Weak health systems buckling under the weight of the COVID-19 pandemic have received little support from donors in the global pandemic response. Germany, France, and Kuwait are the only countries that have earmarked parts of their contributions to the Access to COVID-19 Tools Accelerator (ACT-A) for health systems. Of the total US$5·8 billion contributed by donors to ACT-A so far, $3·9 billion have gone to support vaccine procurement and distribution in low-income and middle-income countries, while just 6% is reserved for health-care systems. ACT-A must raise at least $28 billion over the coming year to ensure that low-income and middle-income countries have the resources to fight the pandemic.

Global health experts warn that high-income countries are being short-sighted because the pandemic cannot be beaten without robust national health systems. “The irony is that health systems are most important for pandemic preparedness and response, but they get the least political attention or funding”, Lawrence Gostin (Georgetown University, Washington, DC, USA) told The Lancet. “Governments and donors…talk in strong terms about the importance of resilient health systems, but rarely, if ever, put their money where their mouth is”, he added.

Indeed, Germany is the only one of the top seven ACT-A donors—the others are the UK, Canada, Norway, the Gates Foundation, Saudi Arabia, and the European Commission—to have earmarked any of their ACT-A commitments for health systems.

The funding figures reflect only one part of the disparity, however. Health systems have been underprioritised since the launch of the ACT-A. ACT-A’s first investment case, from June, 2020, had only three pillars—vaccines, therapeutics, and diagnostics—each with a price tag, but the collaboration did not include costing for support to health systems in low-income countries. It was not until the publication of the September ACT-A investment case that $9 billion were added to the health systems connector pillar. These funds are to be spent almost entirely on the procurement of two key tools: personal protective equipment (PPE) and medical oxygen. As of Dec 17, 2020, the pillar has received the least amount of funding within ACT-A—just $361 million (table).

TableACT-A funding crisis

Kevin Watkins (at Save the Children) and Adamu Isah have written disparagingly about the failure of ACT-A to mobilise resources for this pillar given that medical oxygen, so crucial in the treatment of patients with COVID-19, is scarce in low-income countries. “That’s an outright dereliction of leadership”, they said. They pointed out that even before the onset of the pandemic the lack of access to oxygen in these countries was contributing to making pneumonia the biggest global killer of children.

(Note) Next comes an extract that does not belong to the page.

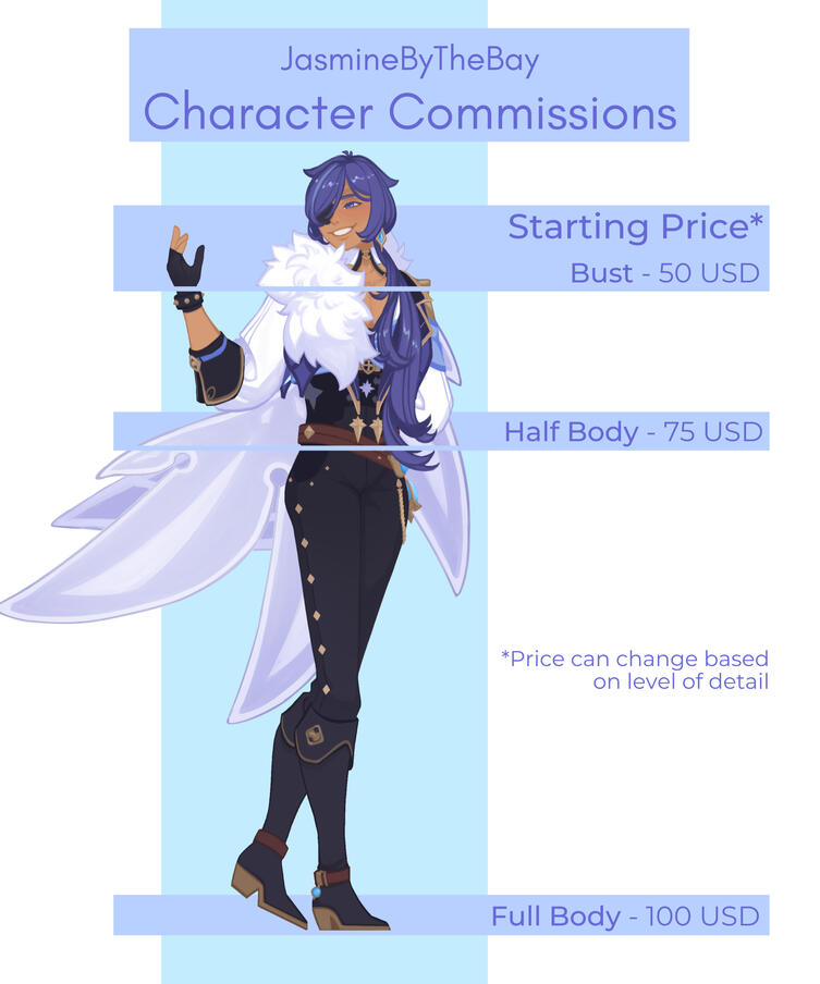 I have 3 open commission slots. Once they are filled, any further commission requests will be waitlisted until a slot opens. I am still open to discussing your commission while waitlisted.

Leith Greenslade, who coordinates the pneumonia coalition, Every Breath Counts, says that COVID-19 and pneumonia are a double burden in countries that face a shortage of medical oxygen. She fears that the lack of focus on access to medical oxygen by ACT-A is contributing to unnecessary deaths. “Oxygen is…at the moment the only effective COVID-19 treatment available [in low-income countries]”, she told The Lancet.

Beyond oxygen and PPE, a range of issues exist that are not covered by the $9 billion health systems request, including the cost of disposal of PPE, investments in electricity grids and pipes to make oxygen functional, the shortage of health workers, training, and the added pressure on infrastructure, such as cold chains. The costs for these have not yet been included in the ACT-A call for funds.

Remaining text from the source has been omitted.